A different kind of coming of age movie
The trailer for Sundance entry The Fits dropped today, and Jezebel has a write up for it that sounds so GOOD it’s almost like we concocted the movie from an office Madlib.
“[Royalty] Hightower portrays Toni, a powerful tween boxer training at her brother’s gym in West Cincinnati, who becomes mesmerized with the dance troupe working out next door. According to the synopses, she joins them and, as she surrounds herself with women and gender imperatives for the first time, ‘grapples with her individual identity amid her newly defined social sphere.’”
One ticket to an abstract portrait of adolescent identity with a narrative about gender non-conformity—packaged within a dance movie—please!
The movie was written, directed and produced by Anna Rose Holmer, who has done those duties on various shorts, music videos and documentary projects. But this is her first feature length film and it looks magnetic.

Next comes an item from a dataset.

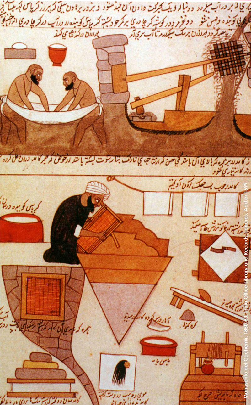 페르시아어 삽화에는 전통적인 제지 공정의 단계와 도구들이 묘사되어 있다. 제지 공정은 크게 두 단계로 나뉘는데, 첫 번째는 펄프 제조 및 탈수 단계이다. 수력 방앗간에서 리넨 폐기물과 헝겊 조각을 물과 섞어 돌 구덩이에서 두드린 후, 물기 있는 펄프를 천에 부어 초기 탈수, 균질화, 정화 과정을 거친다. 두 번째는 종이 최종 처리 단계로, 펄프 성형, 압착, 사이징, 건조, 광택 처리 등의 여러 단계로 구성된다. 각 단계는 특정 장치를 사용하여 수행되었으며, 건조 과정에서는 말총을 이용해 종이를 벽에 붙였다.

In its Sundance Film Festival review, Variety said that Holmer, “crafts a meticulous mood of psychological isolation and beguiling mystery through her metaphorical tale, which exhibits less interest in traditional dramatic conventions than in situating viewers in its protagonist’s particular headspace.”
And twitchfilm puts the work in a greater pop culture context by saying, “The last two years have given us wild and canonical moments of unfettered young women overtaken by the magic of youth intersecting into adulthood: Rihanna's "Diamonds" sung in blue light in Girlhood, the acid scene in Diary of a Teenage Girl, and now Toni's Rocky-moment on a bridge in The Fits. Each give us new and vital moments of girlhood on the cusp of young womanhood that is as frightening as it is poetic.”
Give us all the teen angst and yearning for a sense of emotional place. Give it to us all day.